(GIVEN RECORDS)

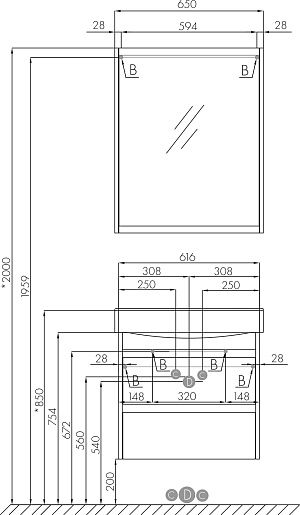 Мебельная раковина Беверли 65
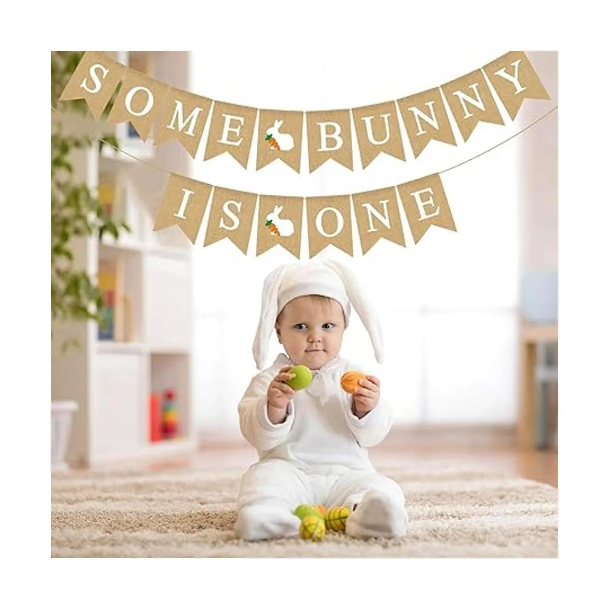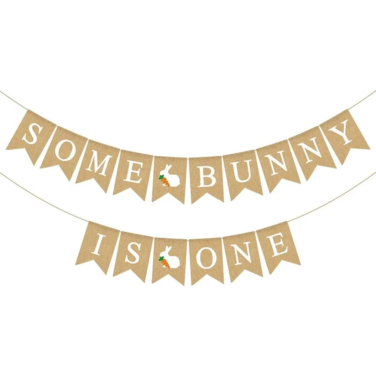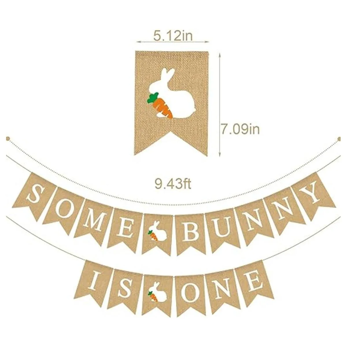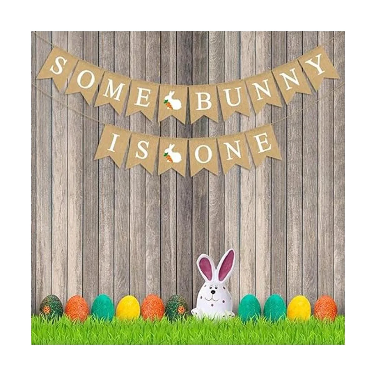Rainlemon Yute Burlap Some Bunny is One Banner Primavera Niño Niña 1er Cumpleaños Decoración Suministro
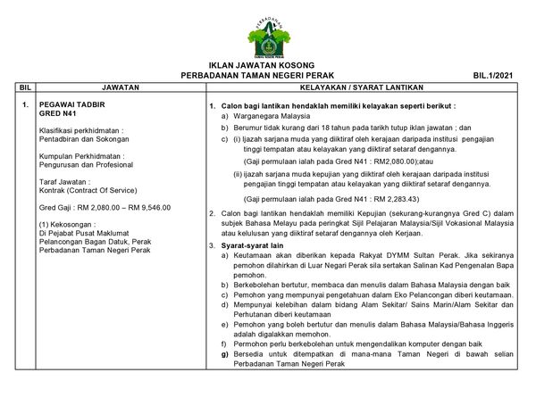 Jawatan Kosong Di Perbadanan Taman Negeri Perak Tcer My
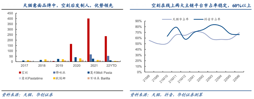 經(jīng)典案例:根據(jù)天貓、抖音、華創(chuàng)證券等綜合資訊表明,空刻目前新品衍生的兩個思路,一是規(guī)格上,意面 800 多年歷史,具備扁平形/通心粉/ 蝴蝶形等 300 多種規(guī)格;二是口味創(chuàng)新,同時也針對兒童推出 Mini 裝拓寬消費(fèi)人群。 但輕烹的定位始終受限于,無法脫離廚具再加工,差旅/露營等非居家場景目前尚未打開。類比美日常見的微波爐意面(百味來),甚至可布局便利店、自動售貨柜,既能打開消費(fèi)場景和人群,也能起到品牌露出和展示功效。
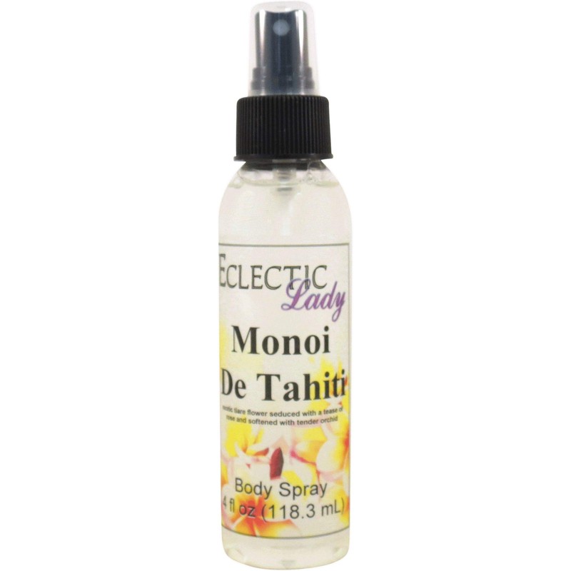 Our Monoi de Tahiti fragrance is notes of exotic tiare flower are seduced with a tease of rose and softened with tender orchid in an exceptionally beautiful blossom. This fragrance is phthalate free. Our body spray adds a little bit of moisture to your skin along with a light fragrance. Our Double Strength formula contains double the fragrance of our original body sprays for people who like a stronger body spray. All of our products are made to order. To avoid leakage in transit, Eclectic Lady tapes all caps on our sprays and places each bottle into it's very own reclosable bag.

(End GIVEN RECORDS)

ACTIVITY> Leave out the images and transcribe all the records exactly.

ANSWER TO THIS PROBLEM>
 Мебельная раковина Беверли 65
Rainlemon Yute Burlap Some Bunny is One Banner Primavera Niño Niña 1er Cumpleaños Decoración Suministro
 Jawatan Kosong Di Perbadanan Taman Negeri Perak Tcer My
 經(jīng)典案例:根據(jù)天貓、抖音、華創(chuàng)證券等綜合資訊表明,空刻目前新品衍生的兩個思路,一是規(guī)格上,意面 800 多年歷史,具備扁平形/通心粉/ 蝴蝶形等 300 多種規(guī)格;二是口味創(chuàng)新,同時也針對兒童推出 Mini 裝拓寬消費(fèi)人群。 但輕烹的定位始終受限于,無法脫離廚具再加工,差旅/露營等非居家場景目前尚未打開。類比美日常見的微波爐意面(百味來),甚至可布局便利店、自動售貨柜,既能打開消費(fèi)場景和人群,也能起到品牌露出和展示功效。
 Our Monoi de Tahiti fragrance is notes of exotic tiare flower are seduced with a tease of rose and softened with tender orchid in an exceptionally beautiful blossom. This fragrance is phthalate free. Our body spray adds a little bit of moisture to your skin along with a light fragrance. Our Double Strength formula contains double the fragrance of our original body sprays for people who like a stronger body spray. All of our products are made to order. To avoid leakage in transit, Eclectic Lady tapes all caps on our sprays and places each bottle into it's very own reclosable bag.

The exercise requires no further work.